明がやられたとは思えないが、しかし、こんな状況下では流石に心配になってしまう。

「こっちに連れて来られたのは俺と明だけか」

蟲の王との戦いは、内側から勝次と明、外側から鮫島率いる仲間たちが攻める段取りだった。
自分たちがいなくなった今、彼らは無事だろうか。
せめて逃げきれてくれているといいのだが。
そんな心配と共に思考は落ち着いていき、ふと気づく。

「あれ?赤んぼが泣き止んでる」


先ほどまで煩わしいほどに泣いていた赤子が、東屋に避難してからというもの、すっかり大人しくなっていた。

「ひょっとして雨か?」

勝次は雨に打たれた程度ではさしてへこたれはしない。
しかしまだ生まれたばかりの赤子はどうだろうか。通常の赤ん坊よりは頑丈だとはいえ、生後間もなくで冷気に晒されればたまったものではないだろう。
だから泣いて訴えていた。雨に濡れずに済む休息の時間を欲しいと。

「赤んぼは喋れねェから泣くしかねェってことか。なんか悪いことしちまったな」

勝次が赤子の頭を軽く撫でると、気分を良くしたかのようにきゃっきゃっと笑みを零した。

「ヘヘッ、なんか可愛げがあるじゃねェか」

自分に害を加えず、意外にも愛嬌があることから、勝次が抱いていた赤子への嫌悪感はすっかり成りを潜めていた。

「...母ちゃんたちも、こんな感じだったのかな」

今は亡き両親たちへの想いを馳せる。
自分が赤子の時は、彼らもこうして泣いている自分をあやして、撫でて、愛でていたのだろうか。

「母ちゃん...」

時刻はすっかり深夜帯だ。ふと寂しくなった勝次は星を見上げようとする。
が、いまは生憎の雨であり雨雲のせいで星は見えない。

「クッ、あのクソババアふざけやがって」

ギリッ、と歯を食いしばり怒りを露わにする。
晴れ間が差し込まないのは帆高のせいかもしれないが、しかし怒りの矛先は間違えない。
勝次が連れて来られる前はしっかりと星が見えていたのだ。ならば元凶は間違いなく神子柴である。

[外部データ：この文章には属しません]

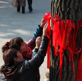 2012年初一早上,南京栖霞寺。“爸爸!爸爸!”小女儿指着那些飘动红色物体说“哪些东西是什么呢?”我牵着女儿好奇地走过去询问寺院里的工作人员。原来,那些红色的物体是用纸和布做成的吉祥卡及吉祥带。每年初一,许多人携全家老小都要在这里请上一张吉祥卡或者一条吉祥带,把祝福的话语和自己的姓名写在上面,然后用一支长长的竹杆把它高高挂到庭中古树上。这象征着鸿运当头,高高在上。
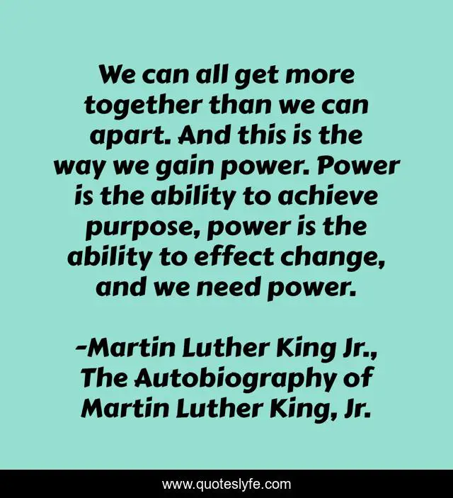 This page presents the quote "We can all get more together than we can apart. And this is the way we gain power. Power is the ability to achieve purpose, power is the ability to effect change, and we need power.". Author of this quote is Martin Luther King Jr., The Autobiography of Martin Luther King, Jr.. This quote is about change, power, purpose,.

「待ってやがれクソババア。てめェの企みは俺と明がぶっ潰してやる」

「その宣言、わたし達も乗らせてもらっていいかしら?」

突然の声に勝次は慌てて振り返る。

「誰だ!?」

勝次の目線の先に佇むのは、赤の長髪の女と青のショートカットが特徴的な、OLを思わせる服装の女だった。


「どう思う?」
「どう思うって、ねえ」

デパートで調達した傘の下、神子柴の追加放送で配られた名簿を見て、文香と悠奈は共に「ハァ」とため息を吐く。
二人が共に巻き込まれた時のシークレットゲームでは、参加者同士にそれなりの因縁がある者を中心に呼ばれていた。
その為、何人かは自分たちの知る者、特に悠奈と文香が共通して知る者がいるかもしれないという覚悟はしていた。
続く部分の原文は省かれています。